## Instructions to follow
Give the records below again exactly, and exclude each picture.

Data supplied Start Marker

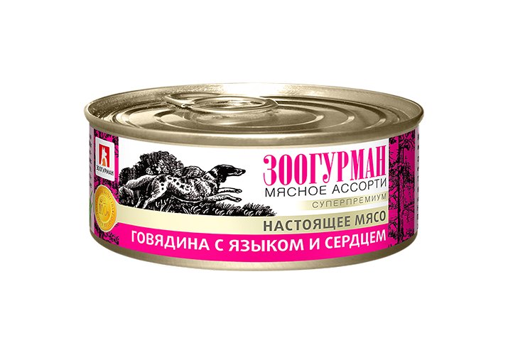 Зоогурман Влажный корм Консервы для собак Мясное ассорти Говядина с языком и сердцем (цена за упаковку) 100г х 24шт
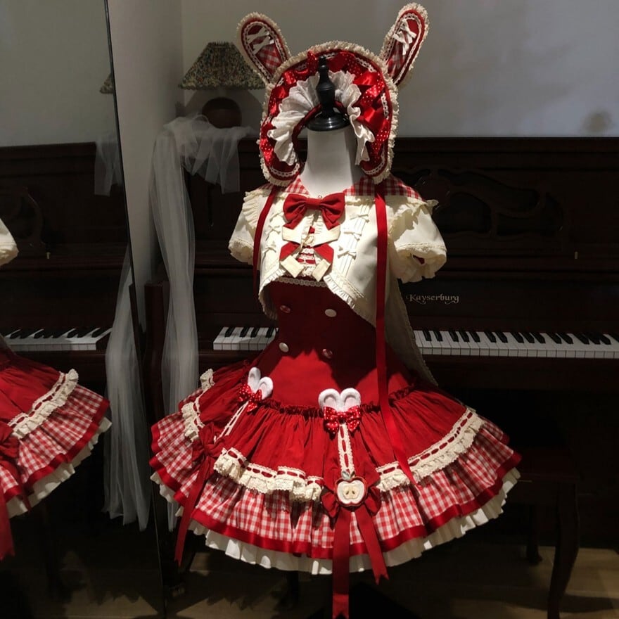 関連キーワード: #ロリータ #ロリータファッション #甘ロリ #ジャンパースカート #ジャケット #セットアップ #うさ耳 #りんご #ギンガムチェック #可愛い
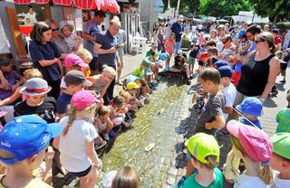 Auerbach; Bachgassenfest 2015; Abkuehlung im Bach...; Bild: Dietmar Funck
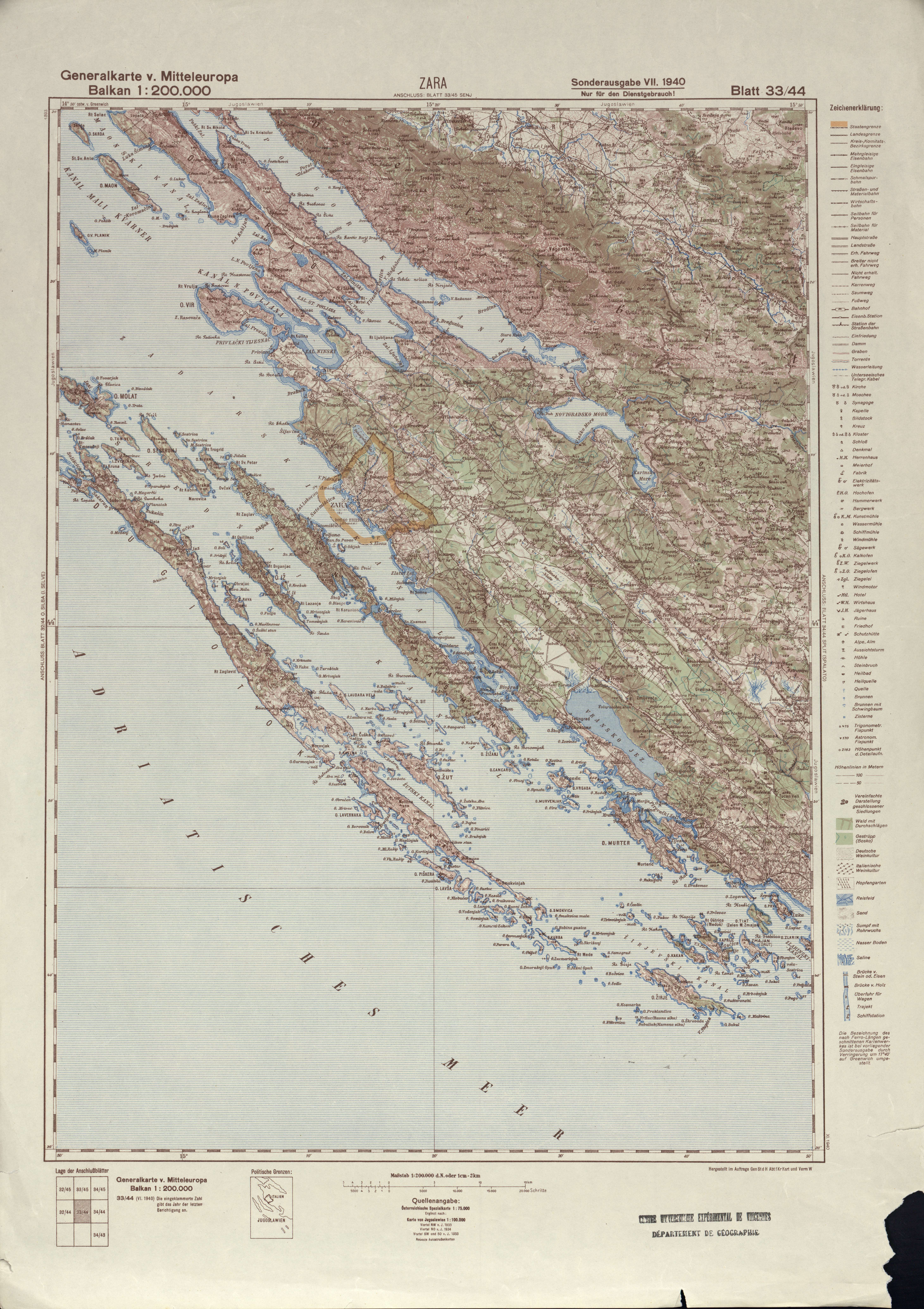 Generalkarte von MitteleuropaZaraGen St d H Abt f Kr Kart und Verm W19401:200 00033 44Croatie
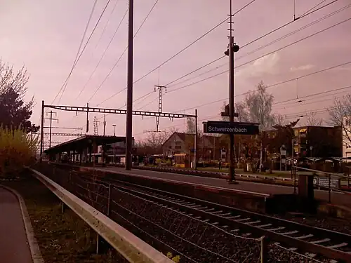 Schwerzenbach is a railway station in the Swiss canton of Zurich. It is situated in the municipality of Schwerzenbach on the Wallisellen–Uster–Rapperswil line.[2] It lies within fare zone 121 of the Zürcher Verkehrsverbund (ZVV).[3]
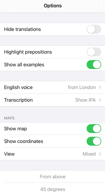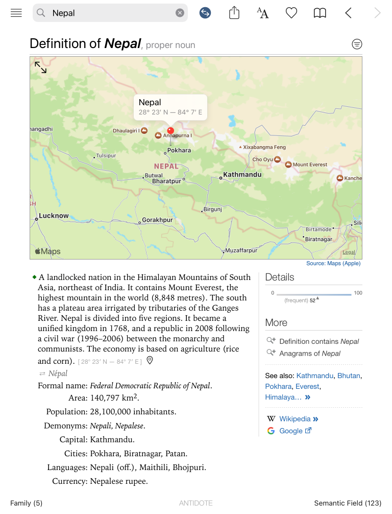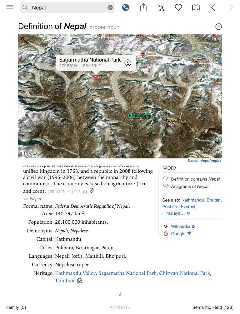 Note — On iPhone, the map is always shown in a separate panel. On iPad, the map is integrated into the definitions page if the Show the map option is activated. An Internet connection is required to display the maps.
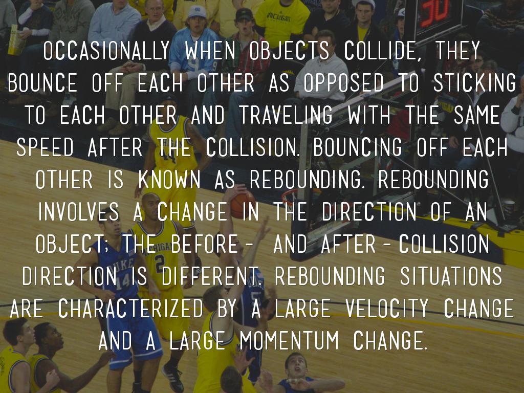Occasionally when objects collide, they bounce off each other as opposed to sticking to each other and traveling with the same speed after the collision. Bouncing off each other is known as REBOUNDING. Rebounding involves a change in the direction of an object; the before- and after-collision direction is different. Rebounding situations are characterized by a large velocity change and a large momentum change.
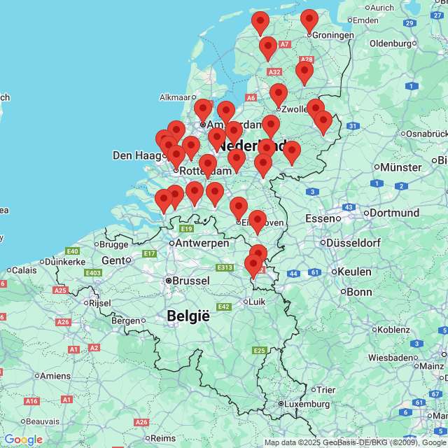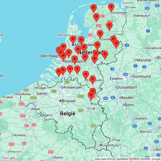 Almelo, Almere, Amersfoort, Amsterdam, Apeldoorn, Arnhem, Bergen op Zoom, Beek-Elsloo, Breda, Delft, Den Bosch, Den Haag, Doetinchem, Eindhoven, Enschede, Gorinchem, Gouda, Groningen, Heerenveen, Heerlen, Hengelo, Hoogeveen, Leeuwarden, Leiden, Maastricht, Nederweert, Nijmegen, Roosendaal, Rotterdam, Tiel, Tilburg, Utrecht of Zwolle.
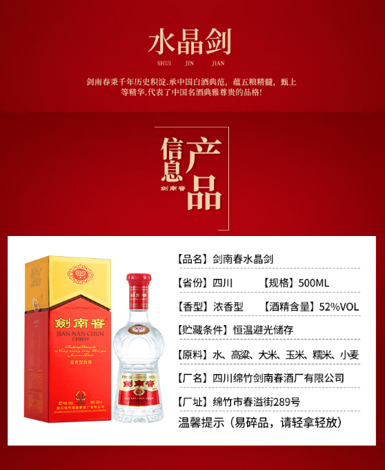 剑南春 水晶剑 52度500ml 浓香型白酒 单瓶装
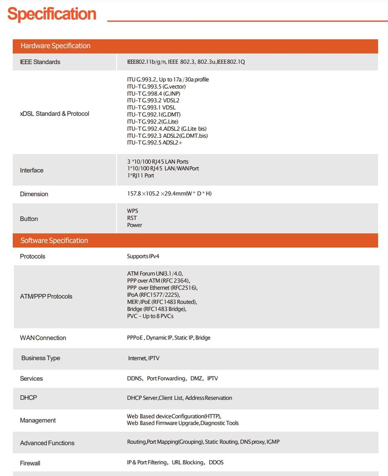 อินเตอร์เฟซ:4x100พอร์ต LAN 1พอร์ต xRJ11
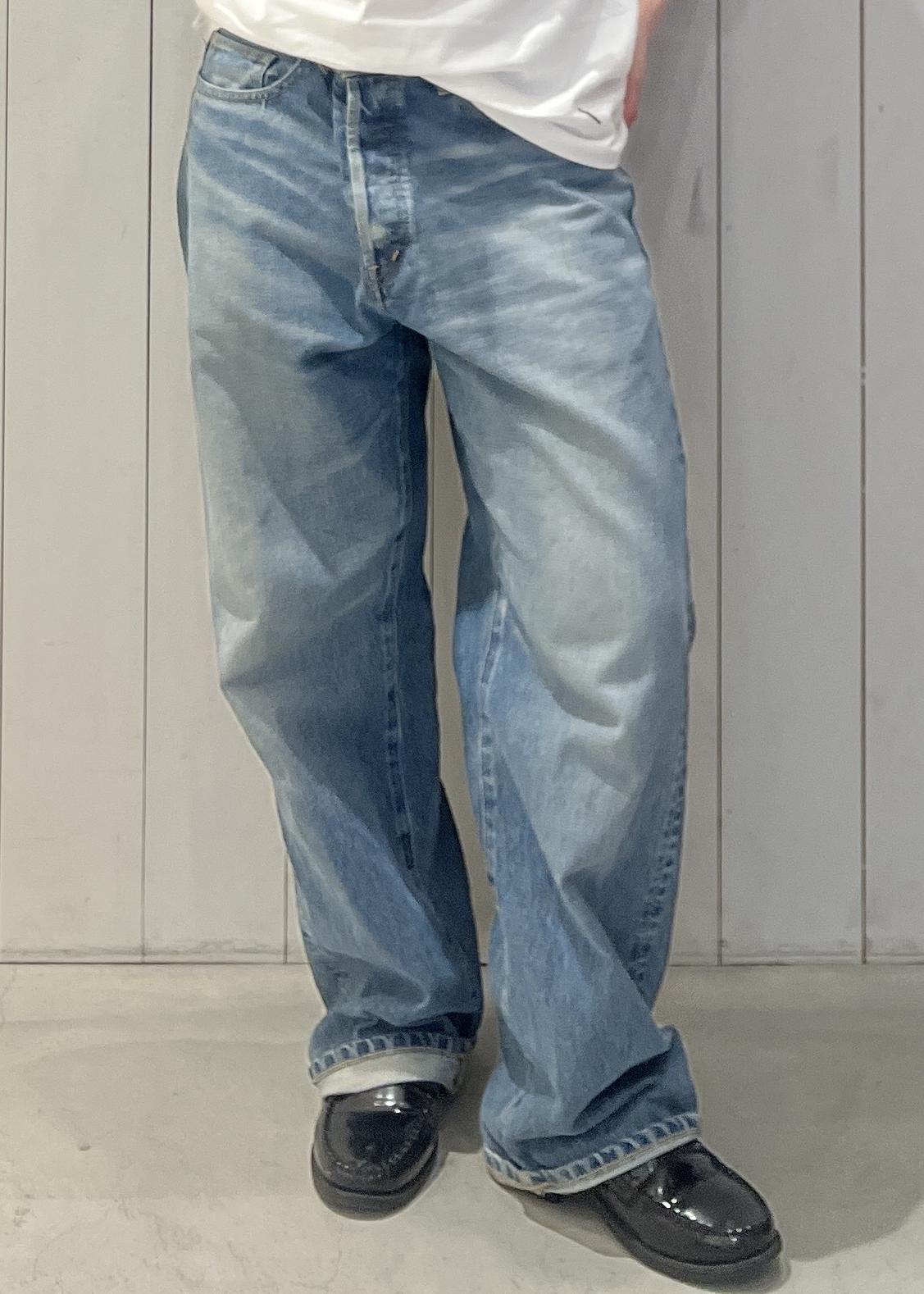 ワイドストレートのリラックスしたサイズ感ではあるものの絶妙な丈感と加工が大人のデザインになっています。
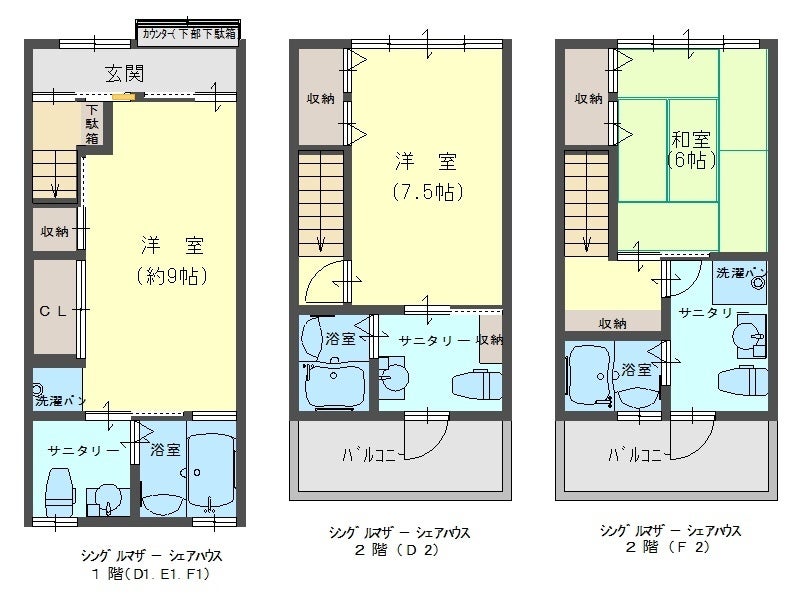 (1階は同じ間取りが3部屋(3世帯分)、2階は違うタイプのお部屋が2部屋(2世帯分))

Data supplied End Marker

## Problem solution
 Зоогурман Влажный корм Консервы для собак Мясное ассорти Говядина с языком и сердцем (цена за упаковку) 100г х 24шт
 関連キーワード: #ロリータ #ロリータファッション #甘ロリ #ジャンパースカート #ジャケット #セットアップ #うさ耳 #りんご #ギンガムチェック #可愛い
 Auerbach; Bachgassenfest 2015; Abkuehlung im Bach...; Bild: Dietmar Funck
 Generalkarte von MitteleuropaZaraGen St d H Abt f Kr Kart und Verm W19401:200 00033 44Croatie
 Schwerzenbach is a railway station in the Swiss canton of Zurich. It is situated in the municipality of Schwerzenbach on the Wallisellen–Uster–Rapperswil line.[2] It lies within fare zone 121 of the Zürcher Verkehrsverbund (ZVV).[3]
 Note — On iPhone, the map is always shown in a separate panel. On iPad, the map is integrated into the definitions page if the Show the map option is activated. An Internet connection is required to display the maps.
Occasionally when objects collide, they bounce off each other as opposed to sticking to each other and traveling with the same speed after the collision. Bouncing off each other is known as REBOUNDING. Rebounding involves a change in the direction of an object; the before- and after-collision direction is different. Rebounding situations are characterized by a large velocity change and a large momentum change.
 Almelo, Almere, Amersfoort, Amsterdam, Apeldoorn, Arnhem, Bergen op Zoom, Beek-Elsloo, Breda, Delft, Den Bosch, Den Haag, Doetinchem, Eindhoven, Enschede, Gorinchem, Gouda, Groningen, Heerenveen, Heerlen, Hengelo, Hoogeveen, Leeuwarden, Leiden, Maastricht, Nederweert, Nijmegen, Roosendaal, Rotterdam, Tiel, Tilburg, Utrecht of Zwolle.
 剑南春 水晶剑 52度500ml 浓香型白酒 单瓶装
 อินเตอร์เฟซ:4x100พอร์ต LAN 1พอร์ต xRJ11
 ワイドストレートのリラックスしたサイズ感ではあるものの絶妙な丈感と加工が大人のデザインになっています。
 (1階は同じ間取りが3部屋(3世帯分)、2階は違うタイプのお部屋が2部屋(2世帯分))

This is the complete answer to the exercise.